Je saute dans la cave… Je hurle après le vieux… Je l’entends qui ronfle ! Je pique droit sur sa guitoune… Je le secoue… Il pousse un cri ! Il croyait qu’ils venaient l’arrêter… Il chocotait fort dans son jus… Il tremblochait dans ses hardes…

« Allez ! que je lui dis… En l’air ! C’est pas le moment des pâmoisons ! »
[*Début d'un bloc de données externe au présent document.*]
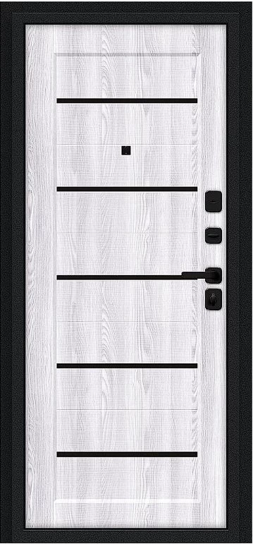 Надежная входная Дверь Браво Борн/SBlack Букле черное/Riviera Ice премиум класса по цене 30 959 руб. Большая толщина стали защитит от проникновения в ваш дом, квартиру или коттедж. Используется очень качественная фурнитура: замки, цилиндры, ручки, защелки. Покрытие и отделка двери изготовлено под внимательным контролем производителя. Дверь имеет долгий срок службы и гарантию.

Au soupirail, dans le filet de jour, je lui montre le flouze… C’est pas le moment de perdre la voix ! Merde !… En deux mots je l’affranchis… Il regarde encore mon pognon… Et une fois par transparence… Il vise les biffetons un par un… Il se reconstitue rapidement ! Il s’ébroue, il renifle les fafiots… Je le nettoye ! Je lui enlève la paille partout… Il se requinque vite les moustagaches… Le voilà paré ! Il remonte au jour… Il se présente dans une brillante forme… Déjà il avait son topo tout prêt dans l’esprit… tout baveux… complètement sonore !… Il nous éblouissait d’emblée sur la question des plongeurs ! L’historique de tous les systèmes depuis Louis XIII jusqu’à nos jours ! Les dates, les endroits, les prénoms de ces précurseurs et martyrs !… Et les sources bibliographiques… et les Recherches aux Arts et Métiers !… C’était proprement féerique… Le cureton il en rotait ! Il rebondissait sur son siège de joie et de délectation… C’était très exactement tout ce qu’il avait espéré !… Alors comme ça, bien ravi, en plus de son offre précédente… On lui demandait rien !… Il nous assure de deux cents sacs ! rubis sur l’ongle ! pour tous les frais du concours ! Il voulait pas qu’on lésine sur les études préliminaires !… Sur l’établissement des devis !… Pas de chicane, pas de ratiboise !… Nous avons tout accepté… paraphé… conclu !… Alors tout à fait copains il a sorti de sa soutane une carte sous-marine immense… Pour qu’on se rende bien compte tout de suite de l’endroit de tous les trésors !… Où qu’elles étaient englouties toutes ces richesses phénoménales !… depuis vingt siècles et davantage…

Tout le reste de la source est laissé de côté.